The input:
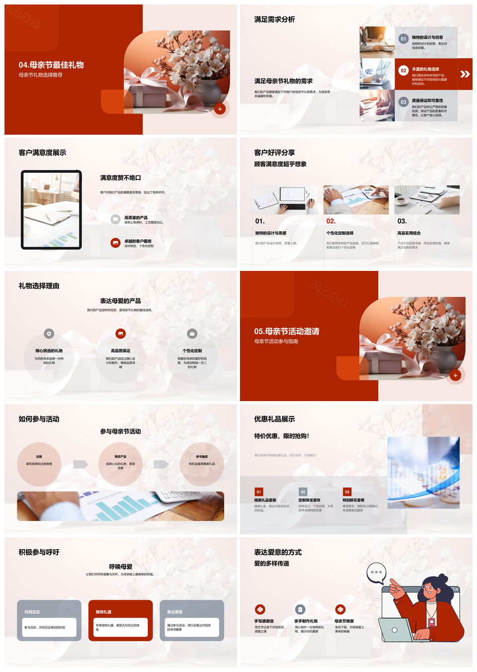 这是一张母亲节活动优惠精选花束礼物献礼PPT模板,包含母亲节、活动、优惠、精选、花束、礼物、献礼等主题内容,也可用作母亲节活动优惠精选、母亲节优惠精选花束、活动优惠精选花束、优惠精选花束礼物、精选花束礼物献礼、母亲节活动优惠、活动优惠精选、优惠精选花束、精选花束礼物、花束礼物献礼、母亲节精选花束、母亲节花束礼物、精选花束献礼、母亲节礼物献礼、优惠花束礼物等PPT场景使用。
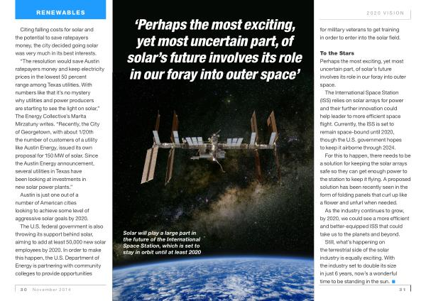 Solar will play a large part in the future of the International Space Station , which is set to stay in orbit until at least 2020
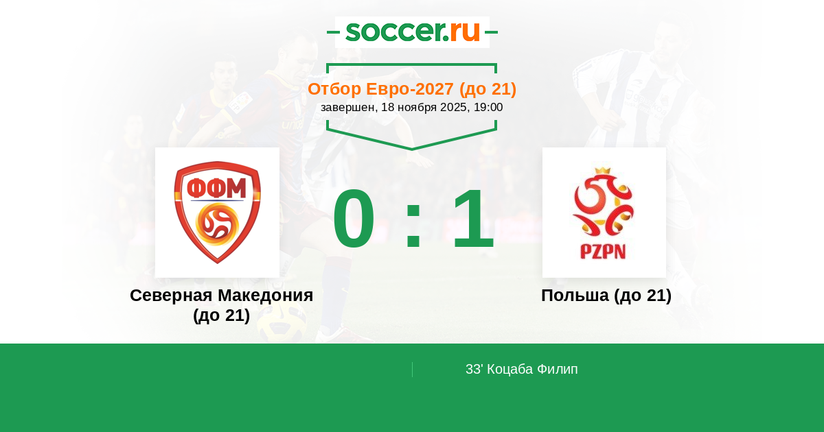 Протокол матча Северная Македония (до 21) против Польша (до 21)
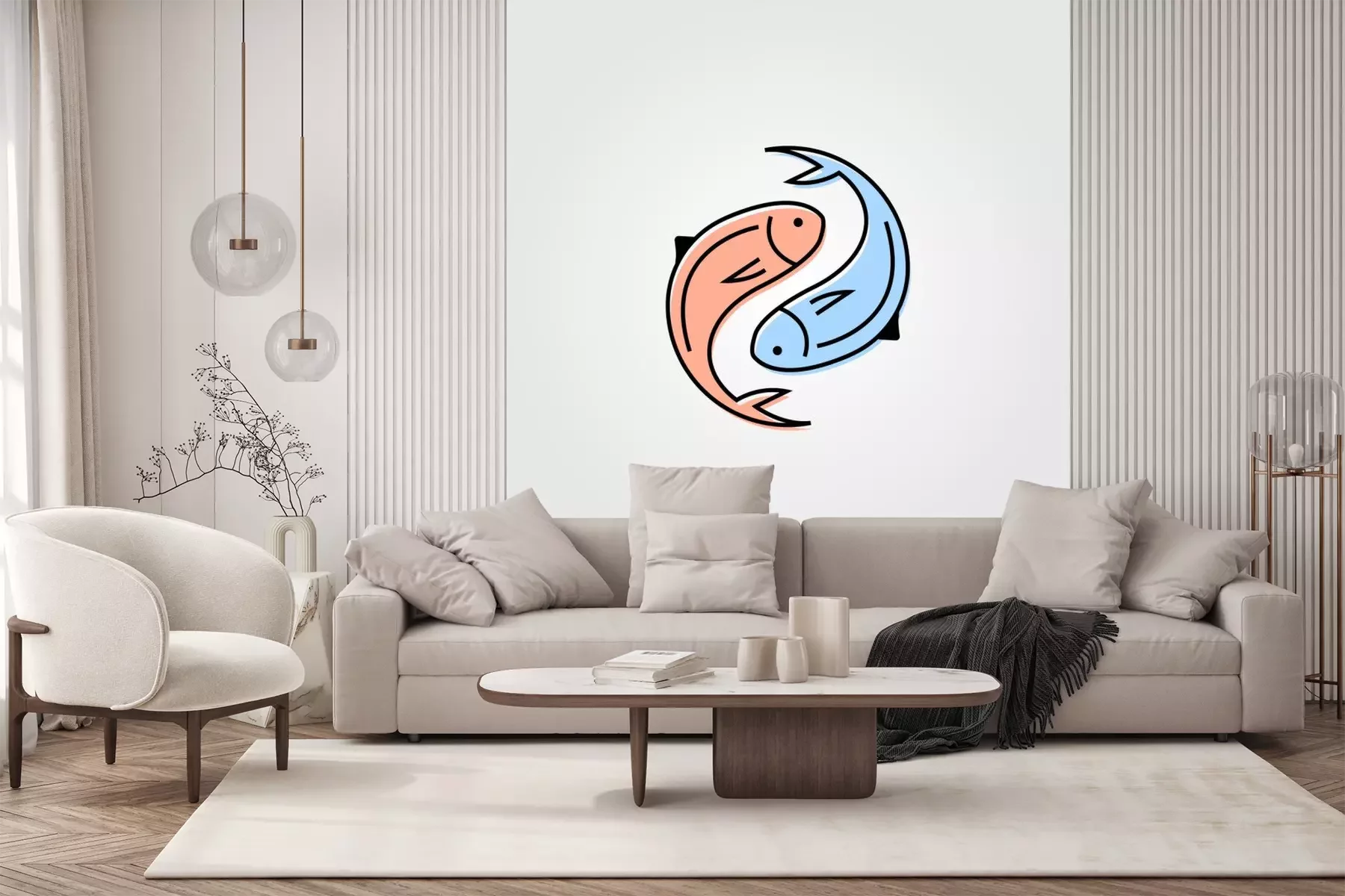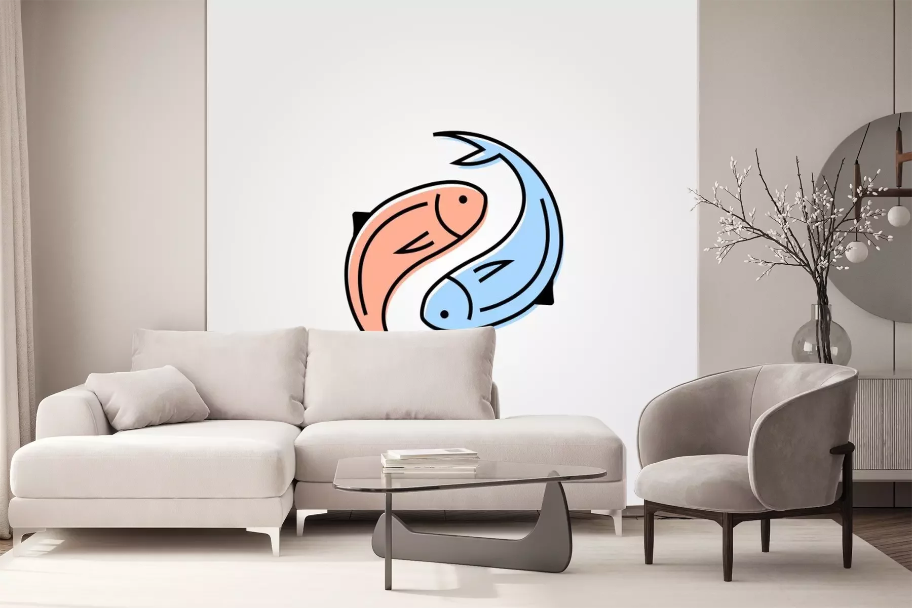 Sticker yin yang fresh fish logo label packaging vector seafood illustration
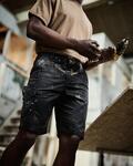 Hardwearing polyester/cotton twill fabric with water repellent coating, Multi pocket design, Part elasticated waistband, Triple stitched seams with reinforced crotch, Belt loops, Zip fly opening Metal Shank button to CF fasten, 2 Front pockets 1 side cargo pocket button fasten, 2 rear pockets, Side leg Ruler pocket, D-ring attachment, Hammer loop
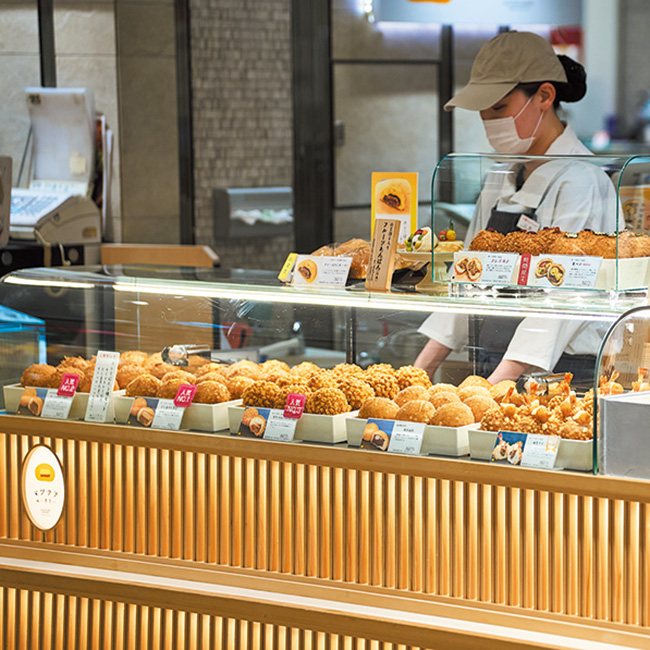 さて、名古屋駅の歴史を見つめ続けてきた老舗が新事業として2022年に『マツウラベーカリー』を立ち上げた。カレーパンのフィリングに使われている鶏肉は、「天下とり御飯」と同じ素材を使い、肉の配合比などにこだわっているため冷めてもおいしい一品。駅弁とベーカリーに一見関連性がないように見えて、『マツウラベーカリー』のカレーパンには駅弁作りで培われたノウハウがしっかりと凝縮されているのである。数あるパンのなかでも、昨今「名古屋らしい」と人気を集めているのが「海老タル」。名古屋城の金鯱を海老フライで表現しているのがなんともユニークだ。使用されるブラックタイガーは一つひとつ手作業で殻をむくなど、素材や味に対するこだわりも抜かりなし。新・名古屋名物の大本命だ。

Your goal:
From the line containing "Solar will play" to the end of the data above, give those lines again verbatim, with both endpoints included and no images.

Output of the task:
 Solar will play a large part in the future of the International Space Station , which is set to stay in orbit until at least 2020
 Протокол матча Северная Македония (до 21) против Польша (до 21)
 Sticker yin yang fresh fish logo label packaging vector seafood illustration
 Hardwearing polyester/cotton twill fabric with water repellent coating, Multi pocket design, Part elasticated waistband, Triple stitched seams with reinforced crotch, Belt loops, Zip fly opening Metal Shank button to CF fasten, 2 Front pockets 1 side cargo pocket button fasten, 2 rear pockets, Side leg Ruler pocket, D-ring attachment, Hammer loop
 さて、名古屋駅の歴史を見つめ続けてきた老舗が新事業として2022年に『マツウラベーカリー』を立ち上げた。カレーパンのフィリングに使われている鶏肉は、「天下とり御飯」と同じ素材を使い、肉の配合比などにこだわっているため冷めてもおいしい一品。駅弁とベーカリーに一見関連性がないように見えて、『マツウラベーカリー』のカレーパンには駅弁作りで培われたノウハウがしっかりと凝縮されているのである。数あるパンのなかでも、昨今「名古屋らしい」と人気を集めているのが「海老タル」。名古屋城の金鯱を海老フライで表現しているのがなんともユニークだ。使用されるブラックタイガーは一つひとつ手作業で殻をむくなど、素材や味に対するこだわりも抜かりなし。新・名古屋名物の大本命だ。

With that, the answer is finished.